His goal was to paint a realistic picture of what life on the ground is like for the Coalition forces, insurgents and non-combatants. After slipping across the border in Amman, Jordan, Mike made his way all around the war-torn country, spending quality time not only in Baghdad, but also in the Sunni Triangle, the Kurdish region to the north, and the Shiite sector to the south.

With his phony credentials, he embeds with GIs, capturing them during unguarded moments, which ordinarily would have been censored by the Department of Defense. Therefore, we get to witness foul-mouthed enlisted men and women rambling on about everything from their contempt for the local people to the difficulty of find a private place to make love.

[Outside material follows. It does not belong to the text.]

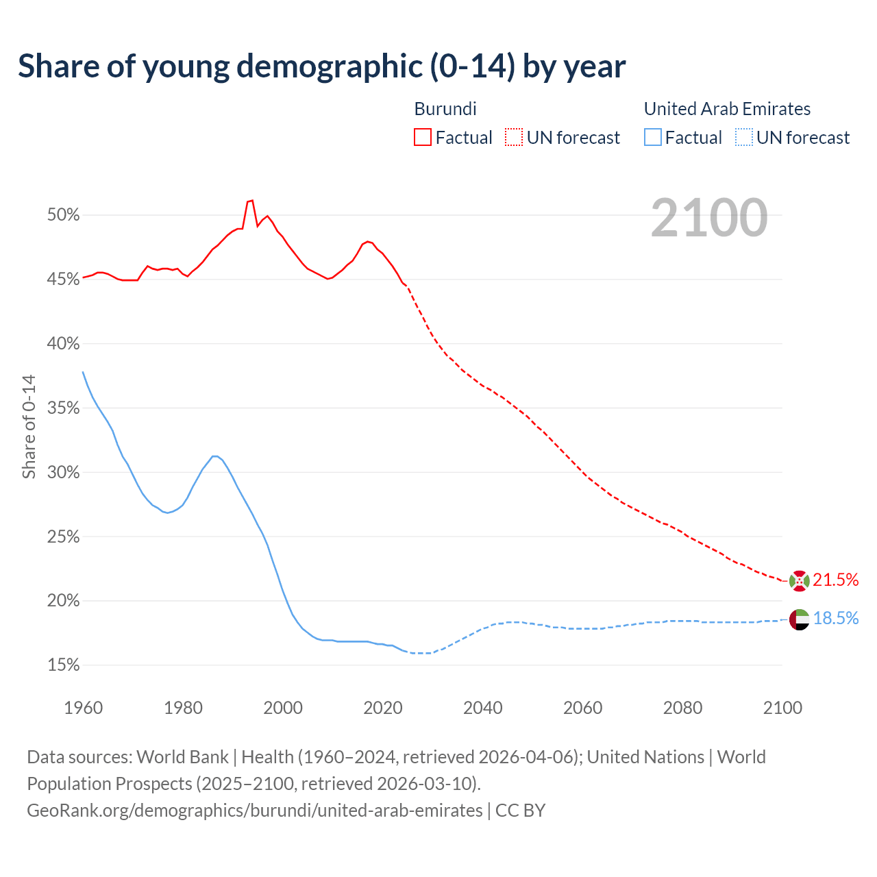 - The share of young demographic (0-15 years old) in Burundi is 44.7% vs 16.1% in the United Arab Emirates.

Later, he accompanies some soldiers on night patrol, observing them shooting anything that moves after the strictly-enforced 9 PM curfew. And he finds evidence of how tax dollars are being wasted at a U.S. dump overflowing with brand new, still shrink-wrapped radios, fans, food, munitions, automobile parts and countless other supplies.

Mike spends the bulk of his time among ordinary Iraqis, who treat such trash piles as gold. Whether rushing to the scene of a suicide bomb blast, interviewing Bush-loving Kurds, or worrying whether he can trust a Sunni cabbie still loyal to Saddam, he manages to keep the camera running, preserving priceless images in the process.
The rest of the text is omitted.